In 1907, the first stage in the widening of Oxford Street took place. The Victoria Hotel at the juncture of Bourke, Flinders and Oxford streets was demolished and a new civic space was created and named Taylor Square in 1908, after alderman Allen Taylor, lord mayor of Sydney 1905–06 and 1909–12.

Allen Taylor was the driving force behind an ambitious civic beautification scheme for central Sydney that included slum clearance, road widening and parks. By World War I Oxford Street had morphed into a boulevard that joined the city to the suburbs to its east.

The Burdekin

The Burdekin Hotel is an important visual landmark at the western end of Oxford Street. It marks the beginning of the street. This corner site has historical significance as it has been occupied almost continuously by a hotel since the 1840s. The existing building is an extensive art deco refurbishment of an earlier Edwardianera building, carried out in the late 1930s.

The Oxford

The Oxford Hotel has a long history of supporting the LGBTQ+ community. The hotel was also at the centre of the alternative music scene in Sydney. They say that in 1976, Australia’s first punk band, Radio Birdman, approached the owners of the hotel. They proposed to take over the venue on the weekends “on the basis that the hotel keep the bar takings and the bands keep the proceeds of the door entry”.
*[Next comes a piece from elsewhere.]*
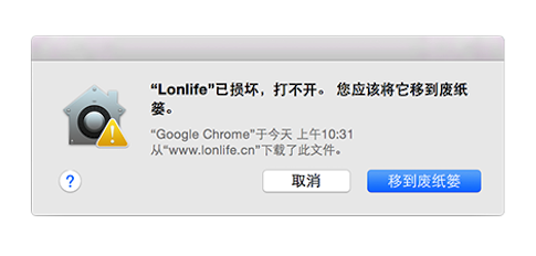 如果遇到提示“Lonlife”已损坏(如下图),请做以下修改:系统偏好设置>安全性与隐私>通用>允许从以下位置下载的应用程序:任何来源(选择它,打上点)

Radio Birdman named the Oxford Tavern venue the Funhouse — with a name inspired by Iggy Pop. This venue became a place for anti-establishment bands to play. The hotel is opposite another famous venue, The Courthouse, aptly named for its proximity to the Darlinghurst Courthouse.

The Albury

The Albury Hotel became a gay pub in 1980. Shirtless, muscled bartenders and outrageous drag shows made it an extremely popular venue with gay men well into the 1990s. The Albury’s closure in 2000 and the conversion of the building into shops and offices was seen by many as a sign that the glory days of the ‘Golden Mile’ were over.